[Book cover credit: librarything.com/work/10848571]
Not too long ago in modern-day Denmark, there was a prince. He was handsome and smart and, of course, very charming. His girlfriend, a beautiful media darling, was the daughter of a palace adviser, and together they tried to live normal happy lives while their faces smiled out from grocery store magazine racks. Then the unthinkable happened. The king, the prince's father, died. And our sweet prince lost it, falling into grief and paranoia, and leaving his beautiful girlfriend to fend for herself among the wolves, both inside the palace and out.
Let me start by saying that you should not judge this book by its cover. Or by its opening lines:
"Frailty, thy name is woman." - William ShakespeareDon't get me wrong, both have very much to do with the story (other than Hamlet's hair color on the cover), but they really make this look like a much lighter, funnier, beach read kind of book than it really is. I mean, really, how would one make an adaption of Hamlet light? Instead, this book is everything it should be; it's brooding and dark and, at times, intense. It's also narrated by a strong Ophelia who is understandably worried (and sometimes so tired/drunk she's a bit loopy - how else could one explain the flower scene) about her boyfriend's apparent loss of sanity but who also does her best to be supportive and helpful to those around her, especially her aforementioned boyfriend and her widower father, all while trying to keep her own life together in the midst of circumstances no high school senior should have to deal with. She is so at odds with both the classic and modern versions of how we usually see the character of Ophelia. I loved it.
"Willy, thy name is sexism." - Ophelia
The story stays pretty true to the original, with one major difference that is given away on the jacket flap: Ophelia survives. The motivations behind people's actions, however, are different. The "truth," what Ophelia is telling us the readers, is book-ended by Ophelia's tell-all appearance on fake-Danish-Oprah in the beginning of each chapter and her interrogation by the Danish police at the end.

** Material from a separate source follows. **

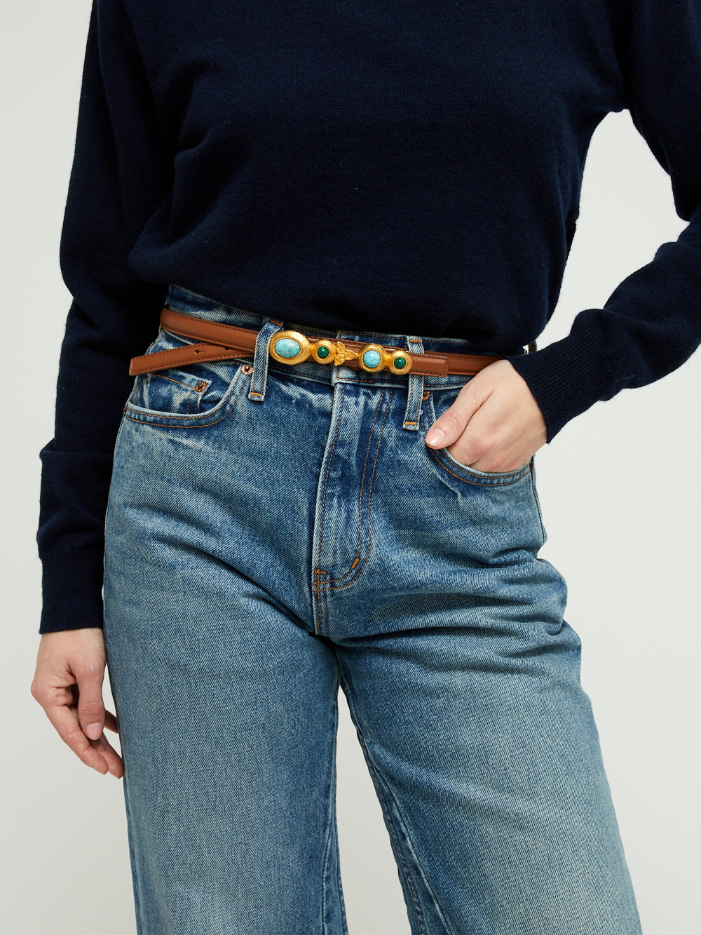 La ceinture Earth Narrow signée Sonia Petroff est réalisée à la main à partir d'un luxueux cuir italien couleur marron. Des pierres couleur turquoise et malachite serties de bordures dorées ornent le devant de la ceinture.

These three concurrent tellings of the same story, illustrate the fabrication of what we take for "fact" from the media and the reach of a government cover-up more explicitly than that paparazzi pic on the cover ever could. On faux-prah, Ophelia is sweet, in love, heart-broken, and kind of ditzy. She's the almost princess. While being interrogated, she is bitingly sarcastic, angry, and fiercely loyal to Horatio and Marcellus, the only other people to survive the bloodbath that is this story. She's accused of being the master-mind of a plot to overthrow the Danish monarchy. In between, she's just a girl doing her best to do what's right for herself and those she loves.
Really and truly, I loved this book. It sucked me into the story and kept me on the edge of my seat even though I knew, more or less, what was going to happen. The characters were well-rounded and real in ways that Shakespeare characters usually are not. I cried when the king died. Have you ever cared about Hamlet's dad enough to even care that he's dead? I haven't. And Hamlet himself made a bit more sense, not a lot, but a bit. Giving him a happy background with Ophelia, at least in flashbacks, made their whole relationship much more believable which made it all the more crushing when he becomes cruel. Michelle Ray has managed to take a story that I already knew well and liked, and she made it into something new and original that I love. I can't wait to see what she comes up with next.
Falling for Hamlet comes out July 5th!
Book source: ARC provided by the publisher.